A slightly oblique cross-section through the 'vascular tissue' of Aglaophyton. The phloem (p) surrounds the central xylem strand which shows the smaller, thin-walled protoxylem cells (px) surrounded by larger thicker-walled metaxylem cells (mx) (scale bar = 250μm).The 'vascular strand' of Aglaophyton comprises a zone of 'phloem' surrounding a central xylem strand. The phloem is of uniform thickness, the individual cells showing acute apices. The xylem is terete and displays an endarch maturation pattern (see inset right). A significant difference between the xylem in this plant and that in Rhynia is the fact that the xylem cells in Aglaophyton exhibit no thickenings.

Rhizomal Axes

Rhizoids (r) on an Aglaophyton rhizomal axis (scale bar = 200μm).Aglaophyton exhibits creeping rhizomes that in life were subaerial, laying directly on the substrate surface. These branch repeatedly locally turning upwards and passing into the 'aerial' axes described above. The rhizomal axes are cylindrical, naked and generally exhibit a similar morphology and internal anatomy to the upright aerial axes, also bearing stomata. Unicellular rhizoids are present as tufts on 'bulges' on the ventral side of the rhizomes, the bulges formed by elongate cortical cells (D.S. Edwards 1986).

Sporangium

An empty sporangium of Aglaophyton (scale bar = 2mm).The sporangia of Aglaophyton are elongate and fusiform in shape and relatively large with a maximum size of 12mm by 4mm (see inset right). The dehiscence mechanism was determined by Remy (1978); it would split obliquely along its length.

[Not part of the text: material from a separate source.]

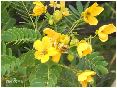 黄槐(学名:Cassiasurattensis (Burm. f.) H. S. Irwin et Barneby)为豆科,决明属植物。落叶小乔木或灌木状。羽状复叶,倒卵状椭圆形,先端圆。基部稍偏斜;叶轴下部2或3对小叶之间有一棒状腺体。花大,鲜黄色,种子间有时略缢缩。几乎全年开花,但主要集中在3~12月。产亚洲热带至大洋洲。喜光,要求深厚而排水良好的土壤。

The disposition of the sporangia is terminal and they usually occur in pairs above the last point of dichotomy (see reconstruction below).

The spores of Aglaophyton are retusoid and have smooth walls with a trilete mark located in a thinning of the exine. They are relative large, ranging in diameter from 64μm to 85μm. These spores are comparable to species of the spore genus Retusotriletes. The spores of Aglaophyton have often been found preserved at various stages of germination (Lyon 1957) (see the section on spores for images of some of these).

Gametophytes

Longitudinal section of the male gametophyte Lyonophyton rhyniensis bearing antheridia (a). (scale bar = 1mm) (Copyright owned by University of Münster).Both male and female gametophytes of this plant have been identified though to date only the male form has been formally described. The male gametophyte has been assigned the name Lyonophyton rhyniensis (Remy and Hass 1980b).

A close up of an antheridium on the male gametophyte Lyonophyton rhyniensis (scale bar = 250μm) (Copyright owned by University of Münster).This free-living gametophyte of Aglaophyton consists of an aerial axis that widens and terminates in a conspicuous cup-like structure which bears the antheridia (see inset right). Although smaller in size, the axis of the gametophyte is very similar to the sporophyte in its anatomy.

Reconstruction

Diagrammatic reconstruction of the sporophyte Aglaophyton major (after D.S. Edwards 1986) showing the nature of the creeping rhizome with localised rhizoid tufts; predominant dichotomous branching and fertile axes bearing a number of terminal fusiform sporangia.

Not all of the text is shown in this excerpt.